Quien haya visitado esa ciudad entenderá por qué los locales dicen que no es una ciudad sino un sprawl, una extensión. El insulto define la rara forma física de la ciudad, que se define como una sucesión de zonas residenciales que recorre toda la escala social, alternada con áreas fabriles y de servicios, y lugares indefinibles con megatiendas y estaciones de servicio. Los Angeles, por ejemplo, no tiene un centro, y prácticamente el único lugar donde se ve a alguien caminando es en la célebre y carísima Rodeo Drive.

Lo que redime el sprawl angeleño son los barrios residenciales plenos de jardines, que recorren con enorme fantasía y abandono todos los estilos arquitectónicos posibles, en todas las combinaciones posibles. Los Angeles muestra en estos edificios que su industria local es realmente el cine, que muchas casas fueron construidas por escenógrafos y productores que impusieron un estilo muy teatral y efectista, inconfundible. Esta identidad está sufriendo un ataque especulativo muy peculiar.

Resulta que durante la gran burbuja inmobiliaria de principios de este siglo se perdieron cientos y cientos de casas particulares, reemplazadas por edificios multifamiliares o caserones. Para 2008, el Concejo Deliberante local lograba pasar una ley que bajaba alturas y cerraba varios trucos especulativos. Hubo protestas de la industria, pero como ese mismo año se pinchó la burbuja y estalló la recesión, el tema no pasó a mayores. Pero a fines de 2013 se empezaba a notar un nuevo impulso en esto de demoler y volver a construir, tendencia que se consolidó en 2014. Los Angeles sufre un fuerte déficit de vivienda, algo que en la realidad norteamericana simplemente significa valores más altos de propiedad y mucha gente durmiendo en la calle.

Ante tantos millones potenciales, la industria le encontró la vuelta a la legislación restrictiva de 2008. Como en amplias zonas residenciales ahora no se pude subir en altura ni hacer viviendas multifamiliares, se ocupa el terreno completamente.
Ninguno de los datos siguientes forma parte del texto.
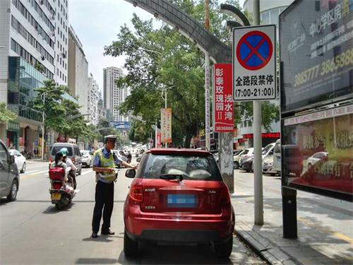 同时,大队加强辖区道路交通的静态管理,把整治城区车辆乱停乱摆工作当着提升群众满意度的一项重要工作来抓,要求各中队加强路面巡逻和高峰时段执勤力度,紧抓整治不放松,突出重点,发挥动力,明确主攻方向,把中山路、西江路、西堤路、新兴路、富民路等路段作为重点整治路段,并将整治触角延伸至阜民路、云盖路、蝶山路、工厂路等道路,争取不留整治死角。同时,大队还通过户外电子显示屏、“双微”平台等宣传方式,宣传车辆乱停乱摆的危害和交警整治乱停乱摆的措施,提醒广大驾驶人遵守交通法规,呼吁文明驾车、规范停车,做一名文明交通参与者,共同优化道路交通秩序。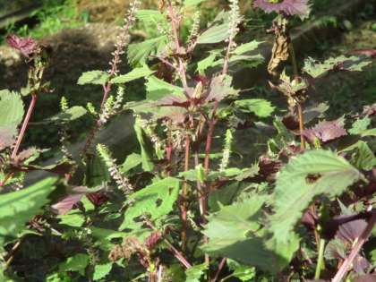 中庭の一か所に集めた赤紫蘇に花芽が出て、とても小さな花が咲いています。いつの頃からかこぼれ種がそこらじゅうで芽吹き、ここ3年以上つながっている中庭の赤紫蘇。植え替えて肥料をやったらやはり大きく育ちました。3年生に「しば漬けの色は何の色?」と尋ねると、多くの子が「赤紫蘇!」と即答してくれました。それが中庭にもあることを知っている子もいて、よく見ているなと感心します。

Así, donde había una casa grande y cómoda con jardín delantero y gran jardín atrás, se demuele y se ocupa todo el terreno, de la línea municipal hasta el fondo del terreno, de medianera a medianera, eliminando jardín y patios para hacer terrazas.

Como estos barrios tienen kilómetros de casas con jardín delantero, lo que ocurre es que aparecen “dientes” que bloquean la línea de construcción habitual, avanzando hacia la calle. Para peor, parece que los arquitectos locales se pusieron de acuerdo en que lo que vende ahora es el modernismo más duro y puro, con volúmenes grandes y firmes, cosa de enanizar y patotear a los vecinos de techos a dos aguas. El arquitecto que demolió la Casa Bradbury, el ganador del Prizker Thomas Mayne, es de esa línea dura y orgullosa de serlo, completamente convencido de que el pasado fue simplemente una preparación para la llegada de su genio.

Mientras los patrimonialistas están preparando un proyecto para controlar el FOT de los terrenos, la revista local The Los Angeles Review of Books publicó un obituario para la casa, explicando que la despiden sus parientes las casas de Carl Sandburg, Mark Twain, Robert Frost, Louise May Alcott, Emily Dickinson y William Faulkner, entre otras. La razón del chiste es que todas esas casas de grandes escritores son museos. Los objetos y papeles de Bradbury fueron salvados por una fundación que lleva su nombre pero no tuvo interés en su casa.